He watched a session of protection a couple weeks ago and started barking, the helper laid down on the ground after the session was over and cracked the whip, just to see the dogs reaction. Same barking. The dog was far enough away so the helper was no threat at all.
The dog is now biting a sleeve in a tug game with the helper so making small positive steps, we see his confidence level growing weekly, but he probably won't ever be trialed. 
He carried the sleeve to the truck very proudly! It was a nice sight to see.


----------



## Mrs.K (Jul 14, 2009)

ps: I wanted to edit my post but couldn't get into it anymore. 

So here ya go:

Build him up outside the training-hours and than ask other handlers if they would join you one by one so he can get used to the atmosphere. That is what I would do but that's just me. If your dog can actually handle the atmosphere he might not be as nervous and anxious as you think he is


----------



## trish07 (Mar 5, 2010)

Mrs.K said:


> Just to give you some advise on a good helper.
> 
> Do not let anyone degrade your dog. Depending on how old your dog is, it may take some time to get him into Schutzhund. A good helper won't just write your dog off. A Schutzhund place is very loud, very noisy, there is shooting, snapping, barking, rambling, yelling and whatnot. Don't feel bad if your dog is impressed by it. Don't think badly about your dog if he is impressed by the atmosphere.
> Some dogs need a little bit of time to adjust to the situation but that doesn't mean anything, it depends on how fast your dog recovers from it.
> ...


Wow! Thanx a lot! A lot of good comments inhere.

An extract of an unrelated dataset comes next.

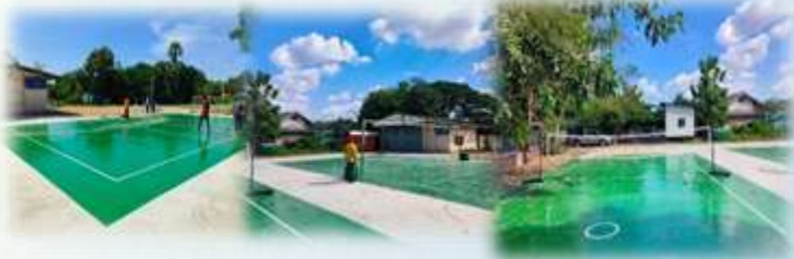
➤ โครงการก่อสร้างลานกีฬาอเนกประสงค์บ้านเสียบ หมู่ที่ 22
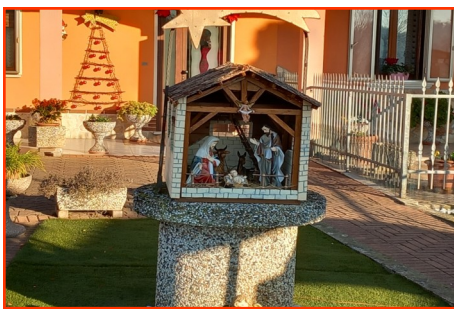
Presepe n. 28 Autore: Battilana Monica

First, we have noticed that Phenix REALLY love to thug. His bite is powerfull and he is tugging well and for a long time (don't know if I can say that lol). Also, if I say "Off", immediately, he stops. He doesn't get into this high level of excitation, he still very concentrated.

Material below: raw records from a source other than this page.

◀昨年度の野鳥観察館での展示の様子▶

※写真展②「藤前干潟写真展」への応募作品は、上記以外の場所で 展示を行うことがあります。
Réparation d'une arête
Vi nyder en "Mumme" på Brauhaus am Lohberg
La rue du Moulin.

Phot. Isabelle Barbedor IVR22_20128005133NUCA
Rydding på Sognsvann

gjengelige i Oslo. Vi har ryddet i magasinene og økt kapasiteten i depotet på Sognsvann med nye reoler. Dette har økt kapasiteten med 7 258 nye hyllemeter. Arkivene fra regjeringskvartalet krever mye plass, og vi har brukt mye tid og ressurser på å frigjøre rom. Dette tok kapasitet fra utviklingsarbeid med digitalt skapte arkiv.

We, last winter, ran with Phenix in a huge field: each time I ran away, he came to me, hurt me in the legs or tried to "gently" bite my arm (not arsh or agressive, it was play). We NEVER teached him how to, he just do it. I don't know if it's a sign to be a good candidate.

I would love to do a lot of obedience with him before, and maybe some agility (but he pounds 95lbs, we've been told it was a little too much for agility) because he loves to jump, run, turn etc. (unsured about the tunel lol).

I don't want to "scrap" all the work we've done with him....I don't want him to get efraid by a bad helper you know....I, also, think the dog/owner shouldn't be degraded. I will never let someone degrades my dog.


----------